* RECORDS TO USE *
────────────────────────────────────────
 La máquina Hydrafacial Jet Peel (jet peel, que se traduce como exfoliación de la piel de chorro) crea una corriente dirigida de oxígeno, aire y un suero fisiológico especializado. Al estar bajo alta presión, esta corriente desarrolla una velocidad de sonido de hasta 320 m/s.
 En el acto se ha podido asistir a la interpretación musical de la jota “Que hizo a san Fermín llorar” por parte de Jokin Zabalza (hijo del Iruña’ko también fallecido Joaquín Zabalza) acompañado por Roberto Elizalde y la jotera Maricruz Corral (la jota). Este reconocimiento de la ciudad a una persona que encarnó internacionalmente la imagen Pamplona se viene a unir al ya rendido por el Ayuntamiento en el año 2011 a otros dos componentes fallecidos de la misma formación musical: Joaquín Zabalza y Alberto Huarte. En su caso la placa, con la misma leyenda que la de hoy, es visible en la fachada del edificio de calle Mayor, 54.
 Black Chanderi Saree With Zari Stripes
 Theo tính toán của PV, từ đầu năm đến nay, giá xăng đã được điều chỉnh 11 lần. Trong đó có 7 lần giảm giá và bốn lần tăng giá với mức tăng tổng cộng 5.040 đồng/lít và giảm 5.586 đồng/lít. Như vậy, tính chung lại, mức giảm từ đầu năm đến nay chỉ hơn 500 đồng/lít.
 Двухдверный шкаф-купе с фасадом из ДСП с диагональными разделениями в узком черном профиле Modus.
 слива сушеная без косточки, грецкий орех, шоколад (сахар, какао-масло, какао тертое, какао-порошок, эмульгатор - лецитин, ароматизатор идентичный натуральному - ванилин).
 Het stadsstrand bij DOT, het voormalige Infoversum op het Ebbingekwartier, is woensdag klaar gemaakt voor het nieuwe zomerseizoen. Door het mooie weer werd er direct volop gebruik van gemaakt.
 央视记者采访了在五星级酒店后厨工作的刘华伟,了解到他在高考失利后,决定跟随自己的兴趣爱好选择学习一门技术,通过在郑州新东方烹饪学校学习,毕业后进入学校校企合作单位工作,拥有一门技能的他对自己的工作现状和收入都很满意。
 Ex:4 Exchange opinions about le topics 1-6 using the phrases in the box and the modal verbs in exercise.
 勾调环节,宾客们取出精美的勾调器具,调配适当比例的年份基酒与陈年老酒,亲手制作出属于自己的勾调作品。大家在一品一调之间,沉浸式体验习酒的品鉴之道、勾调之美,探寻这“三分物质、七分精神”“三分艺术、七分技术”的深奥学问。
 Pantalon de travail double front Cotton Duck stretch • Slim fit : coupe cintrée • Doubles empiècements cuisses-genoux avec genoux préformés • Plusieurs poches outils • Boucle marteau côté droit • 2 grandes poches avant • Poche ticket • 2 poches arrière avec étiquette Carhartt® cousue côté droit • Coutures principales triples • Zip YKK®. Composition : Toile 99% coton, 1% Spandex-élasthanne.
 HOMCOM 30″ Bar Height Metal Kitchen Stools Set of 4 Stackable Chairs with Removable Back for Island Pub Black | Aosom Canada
────────────────────────────────────────
* HOW TO COMPLETE THIS TASK *
Looking at the entries above, state the number of lines that contain "Black" and add nothing more.

* EXERCISE SOLUTION *
2